Com a vantagem de tornar ainda melhores os instantes já agradáveis.
No momento de fazer as malas para alguma viagem (de férias ou a trabalho), incluo dois ou três volumes na bagagem. E eles acabam me socorrendo no caso do atraso ou até do cancelamento de algum voo. Ou me ajudando a relaxar mais profundamente na rede de alguma pousada na praia. Como sei que muitos leitores dessa coluna aproveitam o mês de janeiro para espairecer um pouco, atrevo-me a partilhar algumas boas experiências que tive com alguns lançamentos recentes – na crença de que também gostem de embarcar algum livro consigo.
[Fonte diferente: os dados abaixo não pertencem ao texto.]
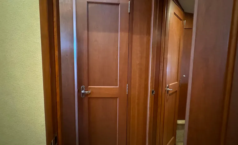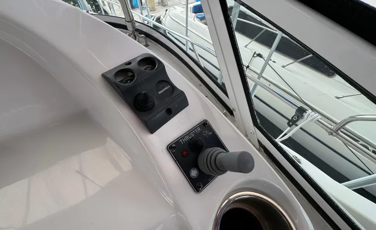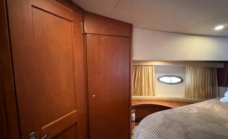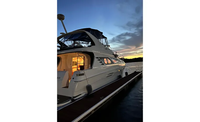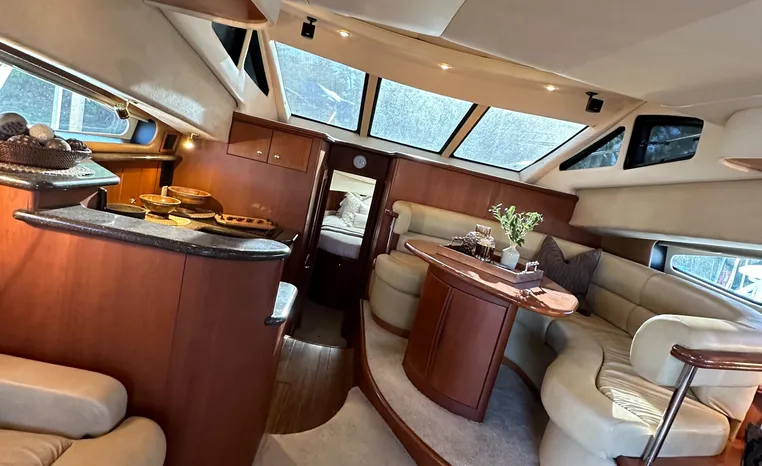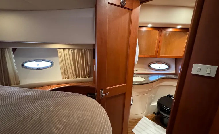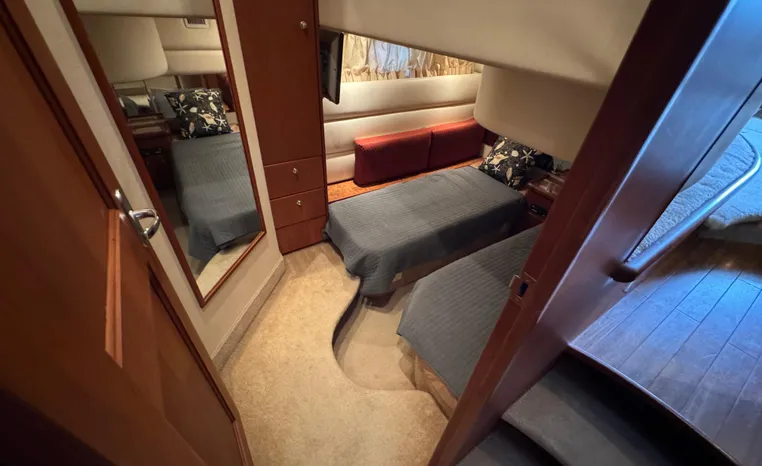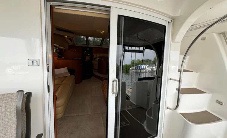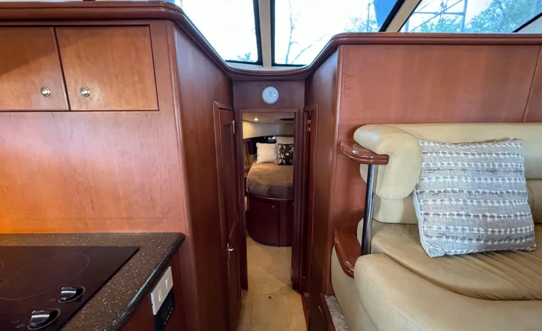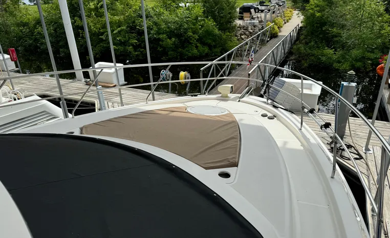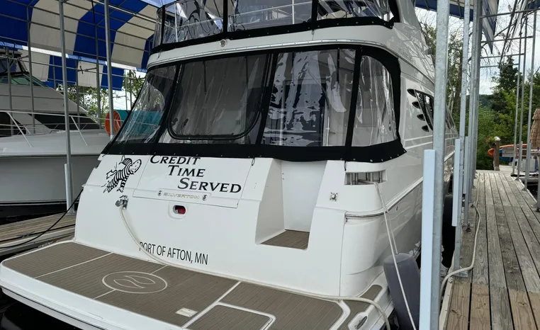 The 43 Sport Bridge boasts one of the largest flybridges of any boat in its class. With its ample seating and wide foredeck, this spacious bridge provides all the room and comfort you need to cruise and entertain in style. Silverton's SideWalk, a unique set of molded steps connecting the bridge to the foredeck, makes access between both safe and convenient whether you're underway, anchored or handling lines. Inside, you'll discover two private staterooms and two full heads complemented by a plush salon finished in fine cherry wood and a full-amenity galley. A wealth of additional standard features like solid Corian countertops, designer fabrics and a 20" flat screen TV remind you that you're aboard a Silverton.

“Macabéa – flor de mulungu” (Oficina Raquel, 39 páginas) é a releitura de “A hora da Estrela”, de Clarice Lispector, feita pela mineira Conceição Evaristo, Prêmio Juca Pato de 2023. Com ilustrações de Luciana Nabuco, a história, agora, dá voz à protagonista. O desfecho do enredo surpreende. Essa passagem é memorável: “A Flor de Mulungu não ia fenecer. Não. A posição fetal em que ela se encontrava era um indício de que uma nova vida se abria. Ela ia nascer por ela e com ela. Macabéa ia se parir. Flor de Mulungu tinha a potência da vida. Força motriz de um povo que resilientemente vai emoldurando o seu grito. Mulheres como Macabéa não morrem”.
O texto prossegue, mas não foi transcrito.